Thursday, June 18, 2020

The terror on the street

Sitting on the porch, a peaceful place, a peaceful time. The air is torn apart with the sound of barking.  Into this quiet morning, the dogs are going to protect me from the terror that is at hand. One is growling and barking, the other is parking that loud, harsh, mean bark meant to drive away anything that hears. They are focused. They wish to keep me safe, to protect me and the house. The porch is not meant for such terrifying things to attack.

What is it that they are protecting me from? A flight of killer robins that are streaming in one after another, seeking to carry away me and everything on the porch? Perhaps rabid squirrels who have been turned into zombies and are seeking to eat anything that is still alive? Maybe it is the life threatening jogger who is attempting a run by?
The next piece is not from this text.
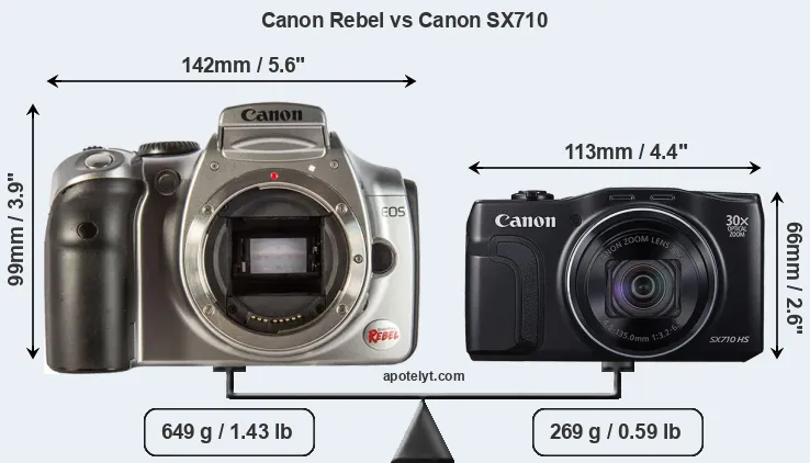 An illustration of the physical size and weight of the Canon Rebel and the Canon SX710 is provided in the side-by-side display below. The two cameras are presented according to their relative size. Three successive views from the front, the top, and the rear are shown. All width, height and depth dimensions are rounded to the nearest millimeter.

What could this be that has caused them to place themselves between it and me?

In fear, I look out the direction they are looking as they are barking and growling. What I see takes my breath away. My heart races. Never in all my days have a I seen such a sight. Never have I felt so threatened as I did sitting there on the porch in the quiet of the morning. How could this happen in this quiet little town in southwest Iowa? I could see if this was in cities. Maybe where we came from. We might see this on the news in some far away place, but here? How is this happening? Why is it happening? Save me...

...from the terror of a red desk chair. Yes, the thing that was causing such a commotion in the quiet on West Main St was a used desk chair. It was sitting on the curb, waiting for someone who might think that they needed such a chair. It must have escaped from the office or study of someone on this street. Or maybe it has migrated from another part of town. Could this terror have really come from this part of town? Maybe it was migrating from another town or even another state. Oh my! The terror of it all.

I sat and watched Zeb and Wrigley barking at that chair and wondered, "What were they seeing?" It was a chair on the side of the road, for anyone who had need of it. How could they see this as something that needed to be guarded against?

And I thought, "How often does that happen to me?" How often do I see something mundane as a terrible, awful attack upon me and my life? Do I get caught up in things that don't really matter? Do I spend my time fighting the chair at the side of the road?

Instead of actually keeping my eyes and soul open for those things I should be on guard against. The devil is after my soul. He seeks to devour me. He wants to tear me away from the Lord Jesus Christ. He does what he can to attack me, and do I see it for what it is? Do I see those temptations to sin as something that could really cause me real spiritual problems? Or am I so busy barking at the chair at the side of the road that I don't see how those temptations are much more deadly for me in my life?

Makes me wonder. Why don't I actually fight the real battles instead of the pretend ones? I should speak up concerning racial injustice (not the systemic stuff that is thrown out there but the real racial issues that need to be addressed), or life issues such as abortion, the murder of innocent unborn babies, or the abuse of spouses and children, or the wrongful sexual actions taken by so many in society (such as living together outside of marriage, heterosexual activities outside of marriage, homosexual activities, and all the other sexual sins that society wants us to accept as normal), and a whole host of other atrocities that are perpetuated in our world today.

Instead, I bark at the chair. It is much easier to address. It doesn't cause me to have to do anything. But our Lord calls us to stand up and be counted. We are called to live the Christian life, in all areas, not just the ones we like. That is a challenge. And me, and you also as well as the whole Christian community, need to live our faith, profess our faith and act to begin to make changes in this world.

Yes, sitting there calming the dogs down, the Holy Spirit nudged my conscience. Lord, help me to answer that call.